In the race between crypto coins Bitcoin (BTC) and Ethereum (ETH) and ​Cardano (ADA), the latter would be the tortoise in Aesop’s classic tale, while the former two assets would likely be referred to as the hare.

What is still to see is who will win the race in the end. Cardano has numerous top computer scientists, cryptographers, and mathematicians working on the project. They publish papers of their work for academic peer review, and their aim is to ensure each piece of crypto infrastructure they build is so strongly created, millions will be able to depend on it.

Cardano founder Charles Hoskinson was often heard saying he is creating a system to last for 100 years. This is in striking contrast to the approach used by Ethereum and Bitcoin, Cardano’s competitors.

The Hares of the Crypto World

Ducking the methodical approach taken by Cardano, ETH and BTC have mainly been racing to achieve something that works now, but not thinking much of the future. Bitcoin has managed to be successful with this method, but only by limiting itself to a single use-case: store of value, with some payment operability.

​On the other hand, Ethereum​ has a bigger vision: an energy-efficient, completely decentralized ledger able to scale up millions of transactions per second – and yet be so lightweight, it could operate on a home computer.

The reality is, however, that Ethereum​ has bottlenecks so major that a single application can make it halt its operations. It is also a dissolute electricity consumer, just like Bitcoin is.

And yet, in spite of the energy consumption, it is rather less secure because of the flexibility and scope of the distributed applications (dApps) that can function on it. The biggest issue, though, is that the upcoming ETH 2.0 upgrade will probably not do much to help with these problems.

Cardano Advances Slowly but Steadily

In the meantime, the ADA team doesn’t work with the try-anything-until-something-works-and-don’t-think-about-the-consequences approach.

They say that a properly distributed ledger should be similar to a bridge on a superhighway – such a perfect infrastructure that vehicles cannot be allowed to fail. And building something that safe and powerful takes time.

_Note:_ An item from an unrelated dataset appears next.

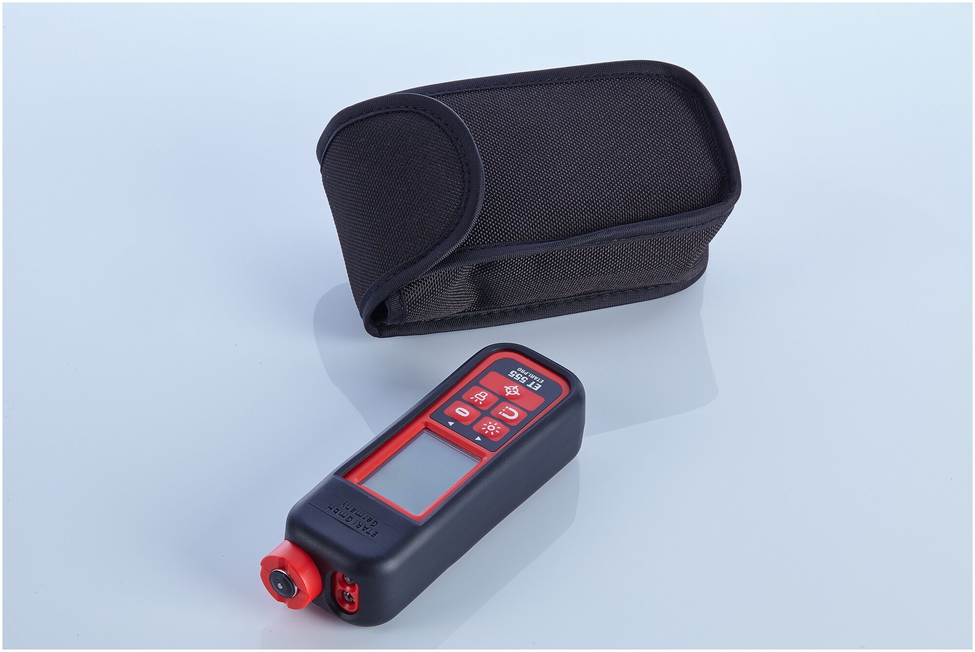 Complete set: Thickness gauge Etari ET-555 PRO, rubber case, rag bag, batteries, calibration set 2 washers + 1 film, manual with warranty card

For instance, ADA developers have rebuilt their codebase a few times from scratch. Repeated revamps make it difficult for wallet providers to support ADA, which is why there aren’t many wallets integrating Cardano. However, in the end, Hoskinson and his team say it’s more than worth it.

On the flip side, major financial institutions and businesses still consider Ethereum and Bitcoin as something more experimental than solidly established, and that’s why they haven’t been willing to mitigate over.

Cardano seems to aim to assuage these concerns and finally build the true, incredible potential of cryptocurrencies to realization in the real-world: not long ago, staking was made possible with the launch of the Shelley mainnet.

This means small token-holders are now able to pool their resources to validate the Cardano network and earn rewards for it. This will be another reason to buy and hold ADA coins, and it’s likely to also help the price surge.

How this race plays out, however, remains to be seen.